• [DATA PROVIDED]:
____________________
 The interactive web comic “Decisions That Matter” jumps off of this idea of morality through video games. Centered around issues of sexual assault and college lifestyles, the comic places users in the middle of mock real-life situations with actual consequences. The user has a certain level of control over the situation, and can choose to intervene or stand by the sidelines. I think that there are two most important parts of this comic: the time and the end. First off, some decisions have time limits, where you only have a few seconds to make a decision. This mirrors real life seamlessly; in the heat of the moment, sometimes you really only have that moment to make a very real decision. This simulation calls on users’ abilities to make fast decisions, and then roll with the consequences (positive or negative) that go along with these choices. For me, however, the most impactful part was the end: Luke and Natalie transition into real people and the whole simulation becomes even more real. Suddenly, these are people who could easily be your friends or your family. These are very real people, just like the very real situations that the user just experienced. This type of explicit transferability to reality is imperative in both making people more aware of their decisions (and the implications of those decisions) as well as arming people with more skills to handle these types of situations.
____________________
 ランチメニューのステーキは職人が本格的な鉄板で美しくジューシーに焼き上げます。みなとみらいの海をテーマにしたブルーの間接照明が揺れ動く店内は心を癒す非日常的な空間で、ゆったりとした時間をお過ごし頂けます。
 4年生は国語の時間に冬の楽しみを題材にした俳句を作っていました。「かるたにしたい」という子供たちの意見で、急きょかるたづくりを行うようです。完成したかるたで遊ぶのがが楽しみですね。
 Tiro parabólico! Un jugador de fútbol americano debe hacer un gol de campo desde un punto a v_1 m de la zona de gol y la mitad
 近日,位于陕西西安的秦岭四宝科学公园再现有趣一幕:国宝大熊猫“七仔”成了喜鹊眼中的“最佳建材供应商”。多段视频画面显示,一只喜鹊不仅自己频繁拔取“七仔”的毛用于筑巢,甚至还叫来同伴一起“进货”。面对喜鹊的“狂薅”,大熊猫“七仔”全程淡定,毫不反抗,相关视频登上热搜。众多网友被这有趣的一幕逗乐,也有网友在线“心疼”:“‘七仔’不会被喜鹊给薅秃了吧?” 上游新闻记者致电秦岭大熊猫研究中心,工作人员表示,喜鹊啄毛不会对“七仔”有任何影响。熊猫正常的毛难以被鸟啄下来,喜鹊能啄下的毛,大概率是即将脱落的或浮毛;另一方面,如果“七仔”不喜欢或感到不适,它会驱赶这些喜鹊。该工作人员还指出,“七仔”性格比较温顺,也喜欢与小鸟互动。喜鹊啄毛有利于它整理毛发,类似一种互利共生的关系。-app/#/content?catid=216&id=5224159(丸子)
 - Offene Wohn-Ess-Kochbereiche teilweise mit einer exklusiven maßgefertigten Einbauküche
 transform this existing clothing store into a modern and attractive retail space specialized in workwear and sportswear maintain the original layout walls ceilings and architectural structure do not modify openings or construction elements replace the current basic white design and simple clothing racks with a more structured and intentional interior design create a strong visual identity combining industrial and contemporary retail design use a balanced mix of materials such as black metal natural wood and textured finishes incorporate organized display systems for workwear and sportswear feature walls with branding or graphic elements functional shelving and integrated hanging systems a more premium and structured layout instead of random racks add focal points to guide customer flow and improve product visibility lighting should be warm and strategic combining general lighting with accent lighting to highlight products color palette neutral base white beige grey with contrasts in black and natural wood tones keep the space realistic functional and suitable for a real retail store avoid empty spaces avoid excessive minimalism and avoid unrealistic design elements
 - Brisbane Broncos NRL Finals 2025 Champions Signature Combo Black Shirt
____________________
• [WORK TO COMPLETE]:
Above are the lines; repeat exactly the ones from the line containing "ランチメニューのステーキは職" down to the line containing "- Offene Wohn-Ess-Kochbereiche", both inclusive.

• [EXERCISE ANSWER]:
 ランチメニューのステーキは職人が本格的な鉄板で美しくジューシーに焼き上げます。みなとみらいの海をテーマにしたブルーの間接照明が揺れ動く店内は心を癒す非日常的な空間で、ゆったりとした時間をお過ごし頂けます。
 4年生は国語の時間に冬の楽しみを題材にした俳句を作っていました。「かるたにしたい」という子供たちの意見で、急きょかるたづくりを行うようです。完成したかるたで遊ぶのがが楽しみですね。
 Tiro parabólico! Un jugador de fútbol americano debe hacer un gol de campo desde un punto a v_1 m de la zona de gol y la mitad
 近日,位于陕西西安的秦岭四宝科学公园再现有趣一幕:国宝大熊猫“七仔”成了喜鹊眼中的“最佳建材供应商”。多段视频画面显示,一只喜鹊不仅自己频繁拔取“七仔”的毛用于筑巢,甚至还叫来同伴一起“进货”。面对喜鹊的“狂薅”,大熊猫“七仔”全程淡定,毫不反抗,相关视频登上热搜。众多网友被这有趣的一幕逗乐,也有网友在线“心疼”:“‘七仔’不会被喜鹊给薅秃了吧?” 上游新闻记者致电秦岭大熊猫研究中心,工作人员表示,喜鹊啄毛不会对“七仔”有任何影响。熊猫正常的毛难以被鸟啄下来,喜鹊能啄下的毛,大概率是即将脱落的或浮毛;另一方面,如果“七仔”不喜欢或感到不适,它会驱赶这些喜鹊。该工作人员还指出,“七仔”性格比较温顺,也喜欢与小鸟互动。喜鹊啄毛有利于它整理毛发,类似一种互利共生的关系。-app/#/content?catid=216&id=5224159(丸子)
 - Offene Wohn-Ess-Kochbereiche teilweise mit einer exklusiven maßgefertigten Einbauküche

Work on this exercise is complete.